Award ceremony of the Coding Culture Hackathon

The picture shows the winners of the Coding Culture Hackathon in Mumbai.
The proud winning team of the Coding Culture Hackathon with Christiane Riedel, Chief Operating Officer of ZKM, in Mumbai

On April 7, 2018, the winners of the »Coding Culture Hackathon« were awarded at the Goethe-Institut in Mumbai.

The »Coding Culture Hackathon«, jointly organized by the Goethe-Institut Mumbai and ZKM in Mumbai on February 1 and 2, 2018, marked the pre-running event of the exhibition »Open Codes. Digital Culture Techniques«, which has been on display in Mumbai since April 6, 2018. The exhibition is conceived as a satellite exhibition to the exhibition »Open Codes. Living in Digital Worlds« at ZKM Karlsruhe and can be seen in Mumbai until June 2, 2018. 

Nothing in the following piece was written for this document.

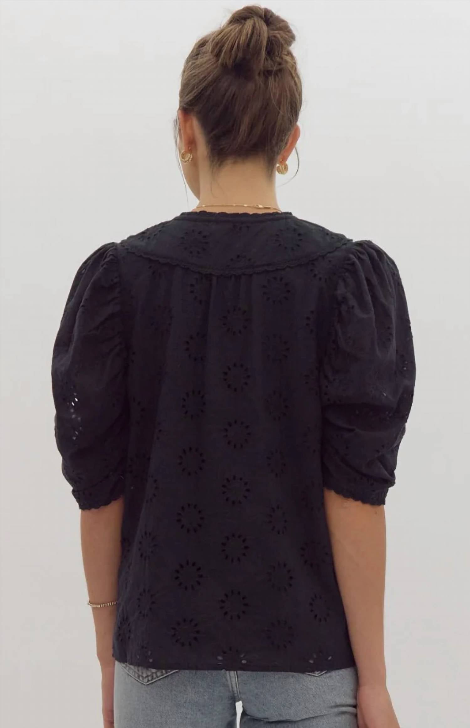 Pair this with your favorite jeans and slides for your next girls night out. The Eyelet Transition Top by Entro is a vintage-inspired blouse perfect for summer vacations, crafted from 100% cotton for a breathable feel. This Women's top in classic black features short puff sleeves and a charming textured pattern. It boasts a split V-neckline with tassels that can be tied for added flair and comes without pockets for a sleek look. Closure: Pull on.

A total of ten teams took part in the hackathon, which brought together cultural institutions in Mumbai with the programming scene for the first time.

On April 7, 2018, a jury consisting of representatives of the CSMVS Museum (Chhatrapati Shivaji Maharaj Vastu Sangrahalaya, Formerly Prince of Wales Museum of Western India), the Dr. Bhau Dji Lad City Museum in Mumbai, the artist platform pad.ma, the Goethe Institute Mumbai and the ZKM,  has chosen the winning team »Morpheus« of the project »KHOJ - Key to Historical Object Juxtaposition«.

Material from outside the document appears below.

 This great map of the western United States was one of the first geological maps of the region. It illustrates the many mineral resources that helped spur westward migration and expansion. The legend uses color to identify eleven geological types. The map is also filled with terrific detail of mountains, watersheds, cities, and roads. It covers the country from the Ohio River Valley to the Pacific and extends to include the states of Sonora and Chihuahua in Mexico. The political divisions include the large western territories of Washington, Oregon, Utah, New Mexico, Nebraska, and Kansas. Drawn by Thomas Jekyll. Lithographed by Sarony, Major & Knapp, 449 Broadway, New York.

Morpheus' system, based on Google Inception/ Tensorflow, makes it easy to categorize large quantities of poorly or not at all sorted images, both for the museum and the public. The team trained the artificial neural network with 4,500 known images and performed a categorization using color palettes and hash values.

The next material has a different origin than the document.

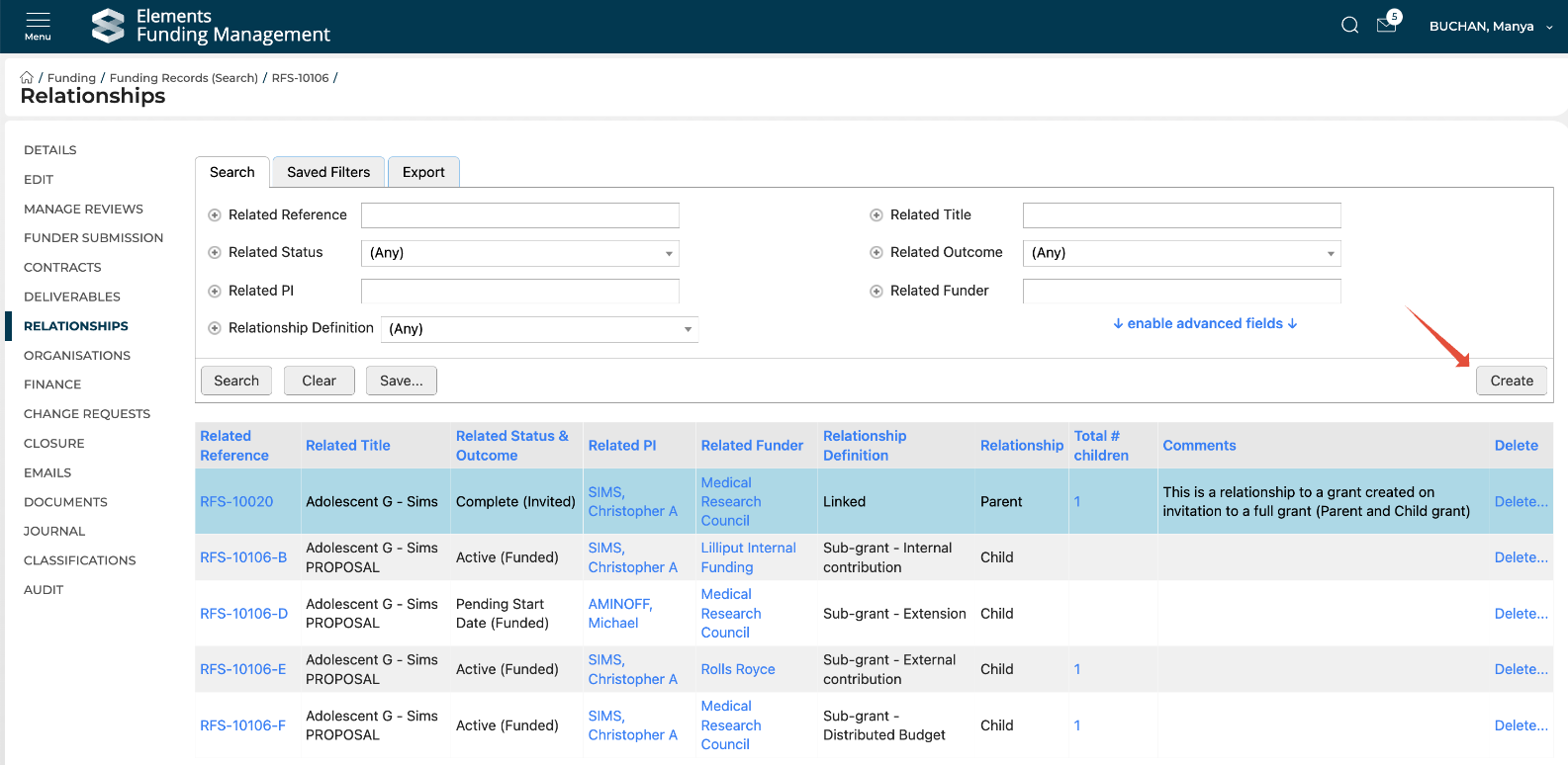 The Relationships page shows you all existing relationships (with that funding record's parent highlighted, where relevant) and enables you to create new ones, and delete existing ones.

From May 10–13, 2018, the winning team will travel to the ZKM for Europe's second largest hacker meeting, the Goulash Programmers Night. Congratulations! 

In addition to experimental apps and websites, the participants developed works of art in the field of tension between code and art.

The Hackathon linked established cultural institutions such as the CSMVS (Chhatrapati Shivaji Maharaj Vastu Sangrahalaya, Formerly Prince of Wales Museum of Western India) and the Dr. Bhau Dji Lad City Museum in Mumbai with the Indian coder scene to try out new forms of cooperation.